I am trying to estimate a weighted LM with repeated observations. Naturally, one can exploit this redundancy information to save space and memory. I am working on an application with 400k observations, many of which are duplicated, and said LMs (and more complicated methods) are invoked many times, which is why weighted OLS is equivalent to OLS with duplicated observations. Without this memory-saving trick, the analysis cannot proceed because this robust VCOV is invoked hundreds of times. The idea of using observation counts to reduce computational burden is not new; a good example where it shines is Owen, 2017 (‘A weighted self-concordant optimization for empirical likelihood’).
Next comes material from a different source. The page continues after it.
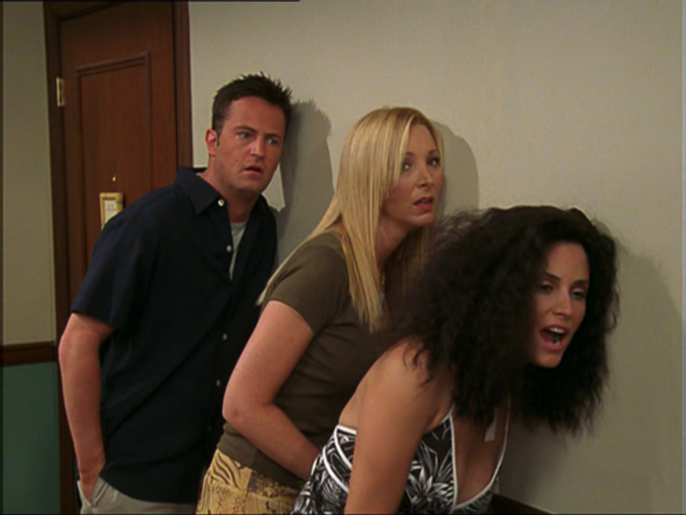 Watching Ross and Rachel fight is not fun, but watching Phoebe, Monica, Chandler and Joey wait out the fight in the bedroom is pretty hilarious.

The point estimates in the two variants of the model, unweighted (m
) and weighted (m.w
), are identical. However, sandwich::vcovHC
does not handle the weights as if they were observations weights.
MWE:
rm(list = ls())
x <- c(1, 1, 1, 1, 2:10) # Observation 1 has a count of 4
y <- c(15, 15, 15, 15, 13, 36, 31, 37, 63, 66, 80, 91, 94)
x.uniq <- x[-(1:3)]
y.uniq <- y[-(1:3)]
w <- c(4, rep(1, 9))
m <- lm(y ~ x)
m.w <- lm(y.uniq ~ x.uniq, weights = w)
coef(m) - coef(m.w) # Indentical
round(sandwich::vcovHC(m, type = "HC0"), 2)
# (Intercept) x
#(Intercept) 5.06 -0.53
#x -0.53 0.11
round(sandwich::vcovHC(m.w, type = "HC0"), 2) # Very different
This is how the correct VCOV should be computed in theory:
# White's asymptotic sandwich formula manually:
br <- solve(crossprod(model.matrix(m)))
me <- crossprod(model.matrix(m) * resid(m))
V <- br %*% me %*% br
round(V, 2)
# (Intercept) x.uniq
#(Intercept) 5.06 -0.53
#x.uniq -0.53 0.11
# Same formula, with observation counts
br.w <- solve(crossprod(model.matrix(m.w) * sqrt(weights(m.w))))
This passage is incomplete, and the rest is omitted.